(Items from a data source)
---
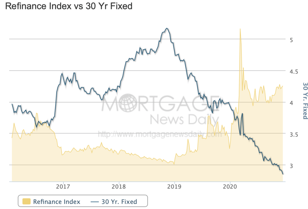 Low mortgage rates have prompted a wave of mortgage refinancing activity, the gold shaded area in the next chart. By refinancing, people are able to lower their monthly mortgage payments, enabling them to spend more on goods and services. Also, many will use the occasion of refinancing to extract equity from their home by taking out a larger mortgage, with the funds extracted becoming available for purchasing big-ticket items—such as cars and light trucks.
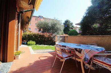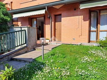 L'ingresso alla proprietà avviene attraverso un cancelletto pedonale che conduce al giardino che offre un angolo di verde riservato, ben curato e arricchito da un patio coperto, ideale per trascorrere piacevoli serate estive.
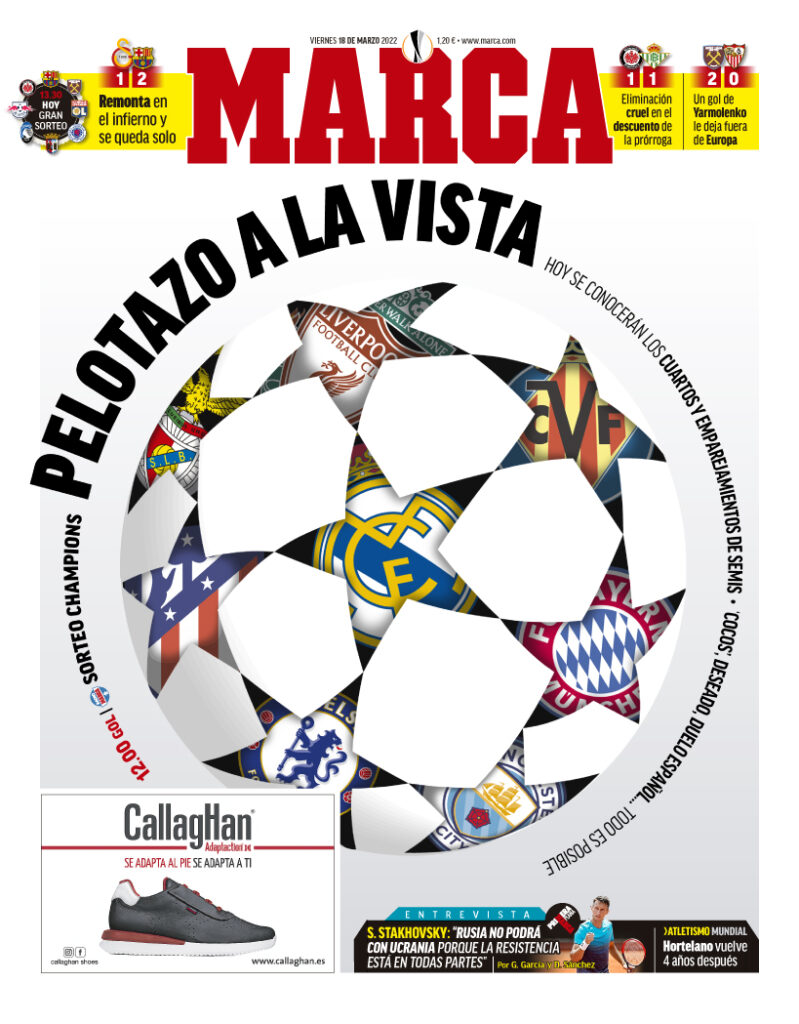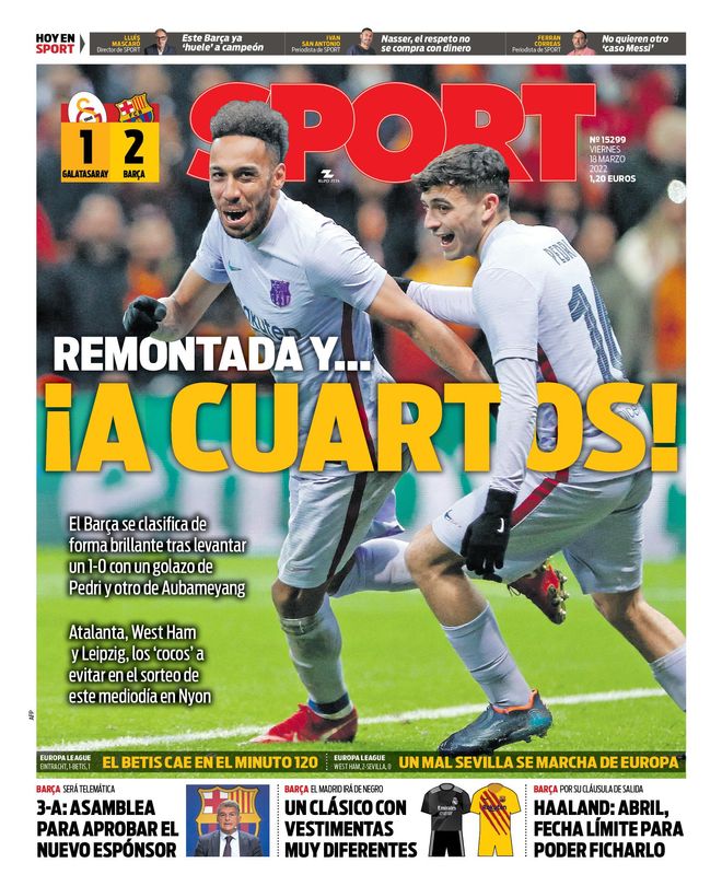 Sport refleja la victoria ante el Galatasaray, que permite al Barça pasar a Cuartos del torneo de la consolación europeo. Esto de la Europalí es como un partido para el tercer y cuarto puesto de aquellos cuadrangulares del Teresa Herrera que los más viejos recordaréis, solo que mucho más largo. Hoy se sortea el próximo rival del Barça, y atención al acojonante destacado del rotativo catalán al respecto: “Atalanta, West Ham y Leipzig, los cocos a evitar en el sorteo de este mediodía en Nyon”.
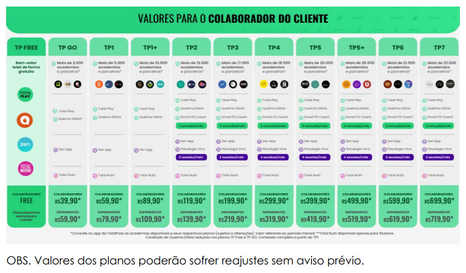 - TotalPass Familiar (01 Titular + 03 dependentes): R$ 15,99 (mensal)
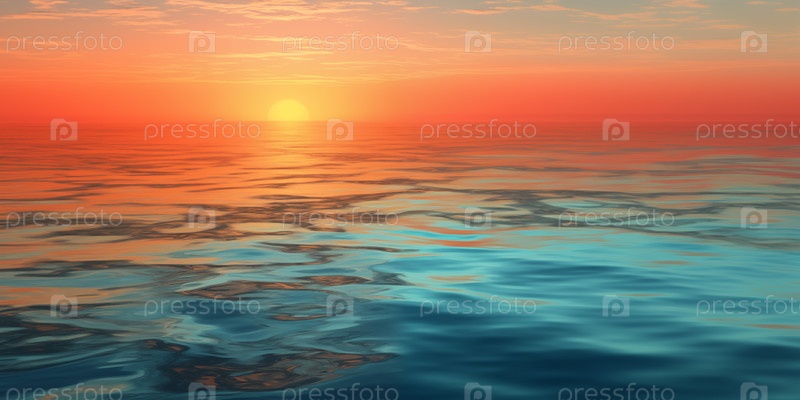 Фантастический пейзаж, водный пейзаж, красивый закат над морем
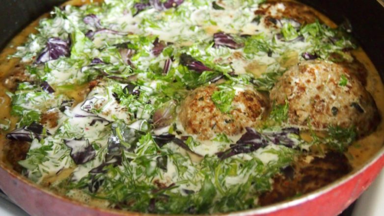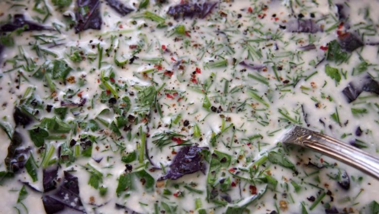 Сливки разводим с водой, добавляем в них специи и нарезанную зелень
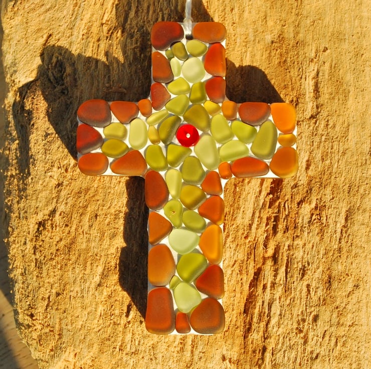 Warm tones of brown and olive green make up this attractive mosaic. The centre of the cross is a red glass bead. The glass has come from old bottles, so the pieces are slightly curved. We have tumbled the beach glass until it is beautifully rounded, giving the mosaic a three dimensional effect. The back of the hanger is laser cut plywood with an attractive brown edge.
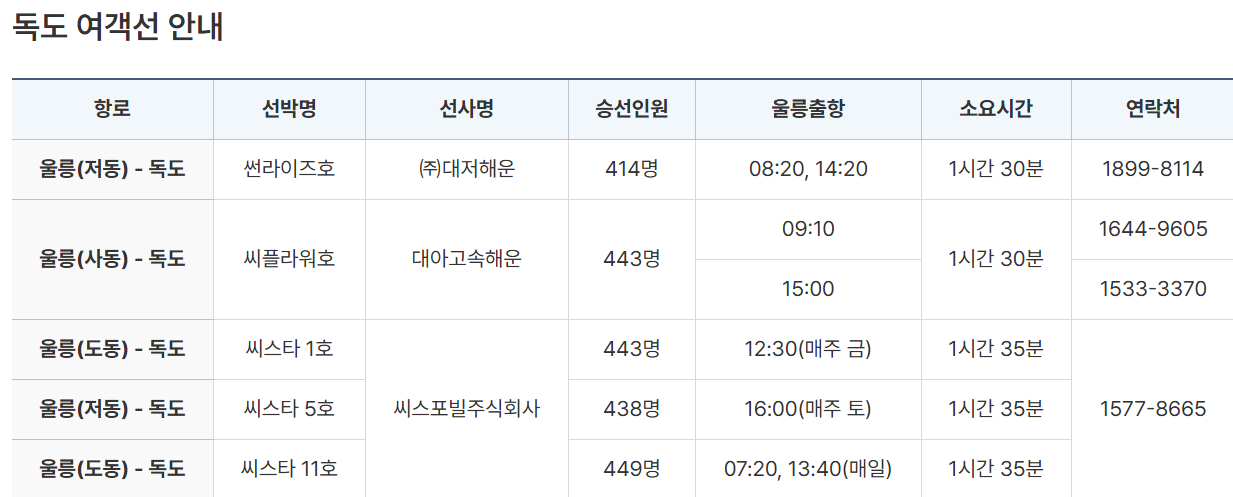 물론 우등석이 조금 더 편안한 좌석일 수는 있지만, 제가 직접 경험해본 결과 일반석과 우등석의 큰 차이는 없었습니다. 짧은 시간 동안 배를 타는 것이기 때문에, 일반석으로도 충분히 편안하게 이동할 수 있었습니다. 오히려 일반석에 앉아 빨리 내리는 것이 독도를 조금이라도 더 둘러볼 수 있는 좋은 방법이라고 생각합니다.
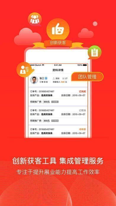 4、团队管理:系统支持发展及管理自己的团队,监控团队成员开单情况。
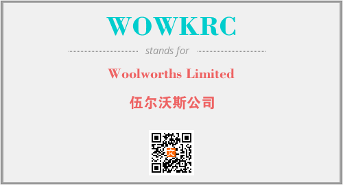 上述内容是“Woolworths Limited”作为“WOWKRC”的缩写,解释为“伍尔沃斯公司”时的信息,以及英文缩略词WOWKRC所代表的英文单词,其对应的中文拼音、详细解释以及在英文中的流行度和相关分类、应用领域及应用示例等。
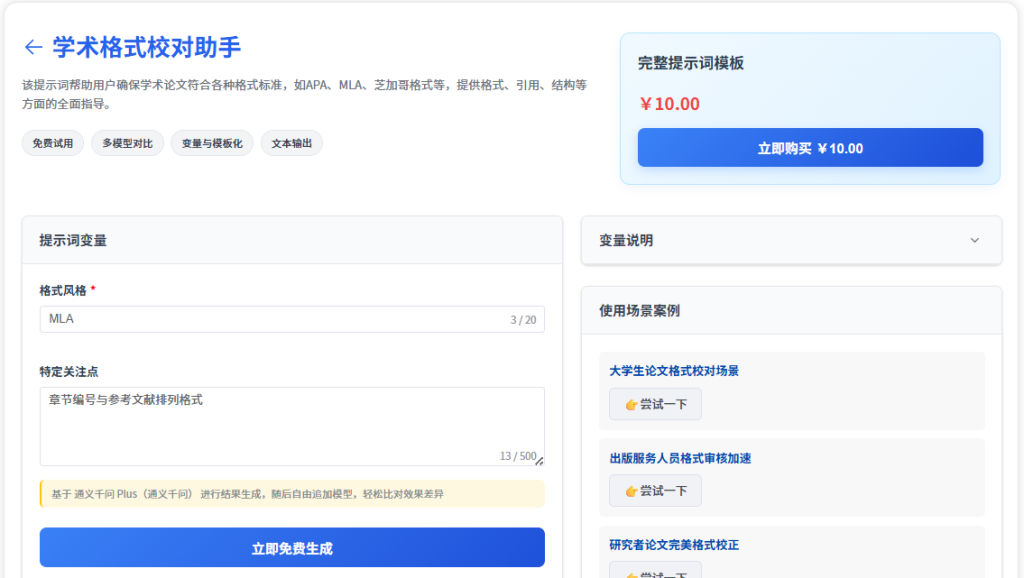 你的"格式审查官"。投稿前,将全文参考文献和引文格式交给它,确保其严格符合APA、MLA等期刊要求,避免因格式问题被退稿。
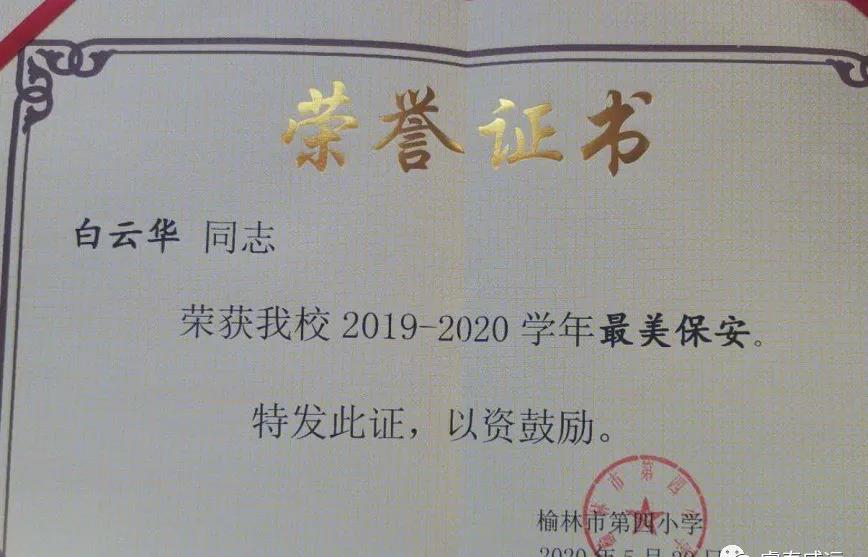 在榆林市第四小學(xué)舉辦的表彰大會(huì)上,公司駐一大隊(duì)二中隊(duì)校員保安員白云華同志被學(xué)校評(píng)為2019-2020學(xué)年“最美保安”。
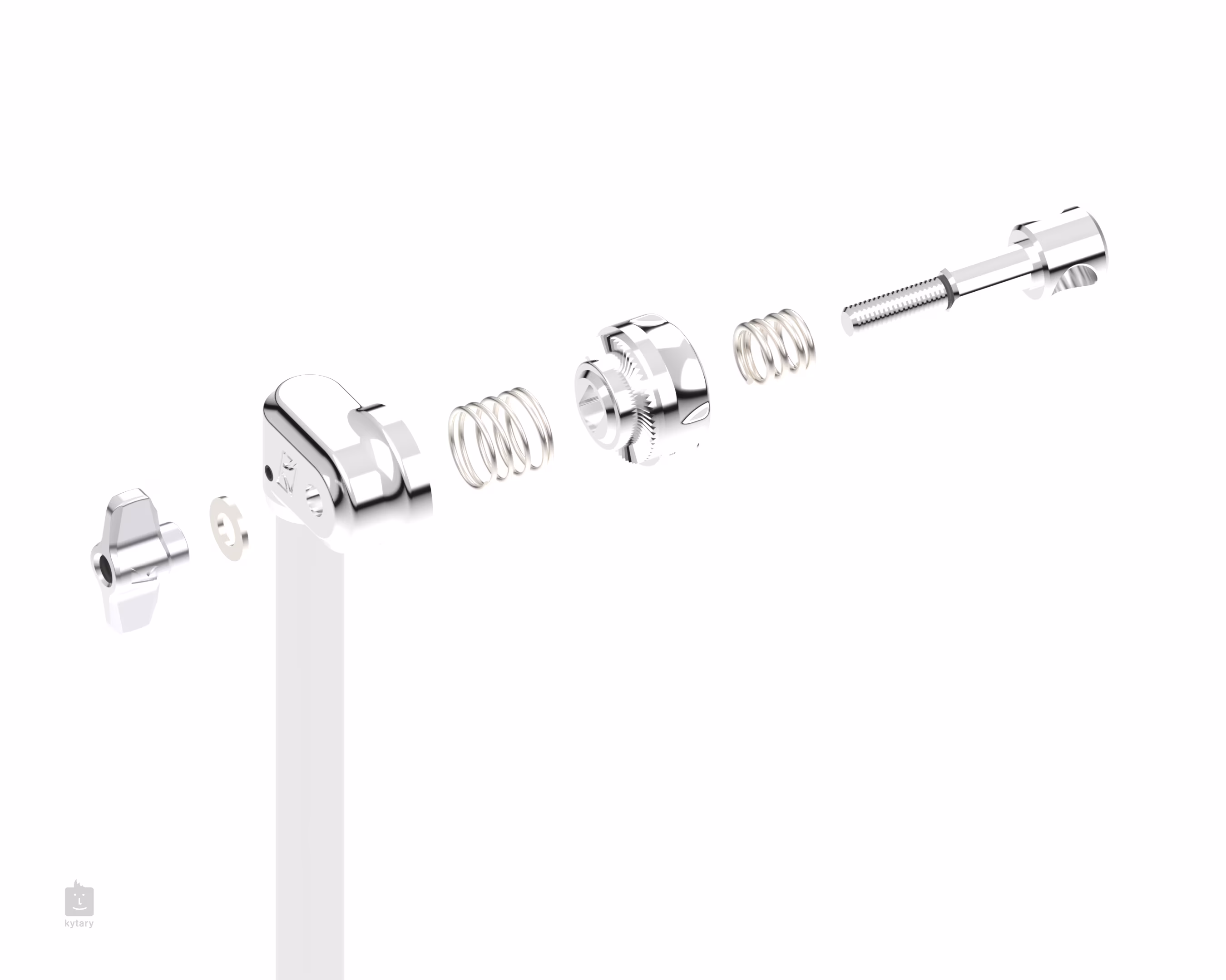 Kluczowym elementem jest innowacyjny Duo-Lock Boom Tilter, który umożliwia jednoczesną regulację kąta i długości ramienia. Dzięki temu pozycjonowanie talerza jest szybkie, intuicyjne i precyzyjne – idealne zarówno do użytku koncertowego, jak i studyjnego. Stabilność podczas gry zapewniają specjalne gumowe nóżki Anti-Walk Rubber Feet, które minimalizują niepożądane ruchy statywu nawet podczas dynamicznej i energicznej gry.
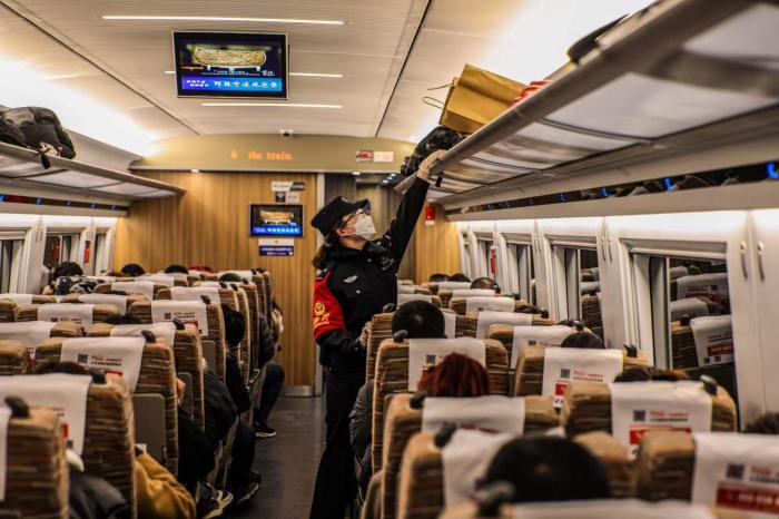 高鐵列車滿載團(tuán)圓期盼開往家的方向。京滬高鐵青年女警包乘組的一名女乘警正在巡視車廂。我們看不清她的容顏,卻能從堅毅挺拔的身姿感受到青春向上的氣勢,醒目的警察袖標(biāo)就像一顆跳動的“小紅心”。春節(jié)回家攜帶年貨,行李架上的硬質(zhì)包裝物品多了起來,但如果碼放不整齊,列車晃動就容易掉落砸傷旅客。乘警巡視車廂時會特別留意行李架,幫助旅客整理行李,舉起的是手臂,托起的是愛心。
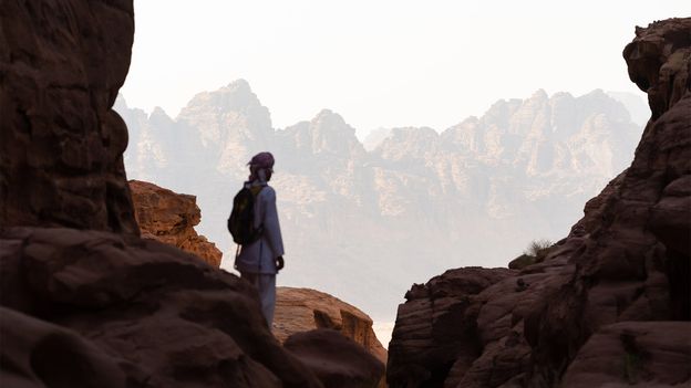 My Bedouin guide Abdallah led the way up and into the crags of Jebel Umm Ishrin (1,753m), the sheer, eastern wall of Jordan's most spectacular valley: Wadi Rum. Though it's considered one of the world's most breathtaking desert landscapes today, few outsiders had ever heard of Wadi Rum in 1917 when British archaeologist and writer TE Lawrence travelled through, describing this eastern wall as "one massive rampart of redness".
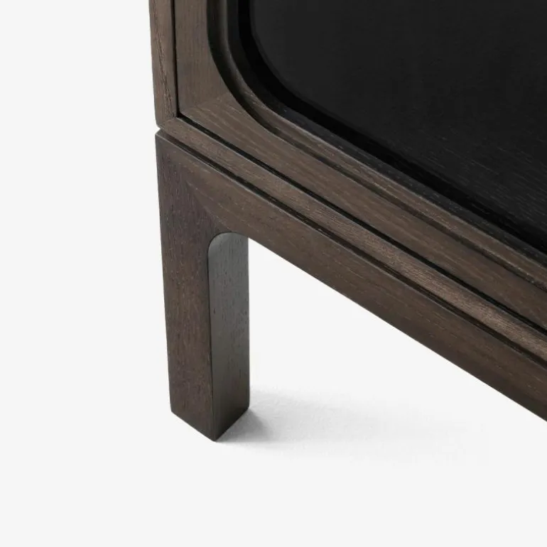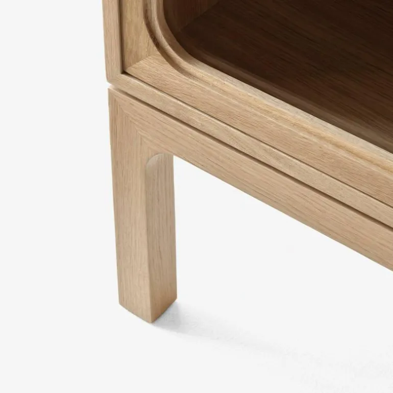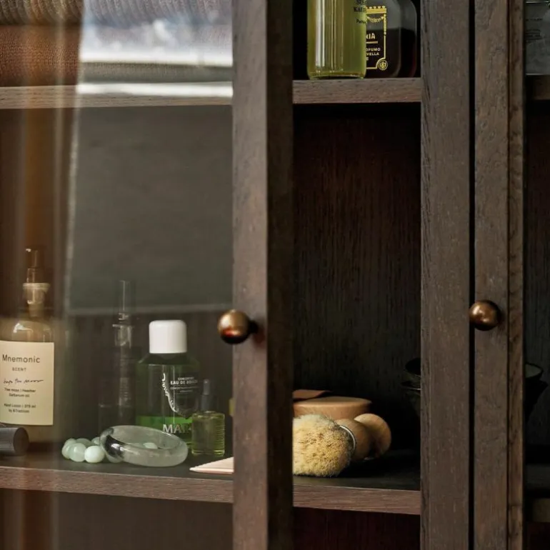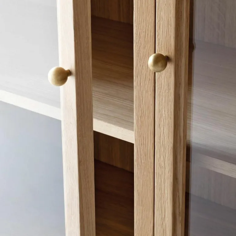 De Trace SC88 Kast bestaat uit een combinatie van massief eikenhout en eikenfineer. Zo zijn de planken gemaakt van MDF en bedekt met eikenfineer. Vervolgens is de kast behandeld met een natuurlijke of donkergekleurde lak op waterbasis. De naturel eikenhouten uitvoering is voorzien van messing scharnieren en messing knoppen, terwijl de donkergebeitste uitvoering verrijkt is met gebronsde, koperen scharnieren en gebronsde, stalen knoppen. Het geharde glas van de kastdeuren wordt omgeven door een gefreesd frame van massief hout.
---
> Work required: Starting with the first line of the data above and ending with the line containing "- TotalPass Familiar", please restate every line exactly, leaving images out.

> Response area:
 Low mortgage rates have prompted a wave of mortgage refinancing activity, the gold shaded area in the next chart. By refinancing, people are able to lower their monthly mortgage payments, enabling them to spend more on goods and services. Also, many will use the occasion of refinancing to extract equity from their home by taking out a larger mortgage, with the funds extracted becoming available for purchasing big-ticket items—such as cars and light trucks.
 L'ingresso alla proprietà avviene attraverso un cancelletto pedonale che conduce al giardino che offre un angolo di verde riservato, ben curato e arricchito da un patio coperto, ideale per trascorrere piacevoli serate estive.
 Sport refleja la victoria ante el Galatasaray, que permite al Barça pasar a Cuartos del torneo de la consolación europeo. Esto de la Europalí es como un partido para el tercer y cuarto puesto de aquellos cuadrangulares del Teresa Herrera que los más viejos recordaréis, solo que mucho más largo. Hoy se sortea el próximo rival del Barça, y atención al acojonante destacado del rotativo catalán al respecto: “Atalanta, West Ham y Leipzig, los cocos a evitar en el sorteo de este mediodía en Nyon”.
 - TotalPass Familiar (01 Titular + 03 dependentes): R$ 15,99 (mensal)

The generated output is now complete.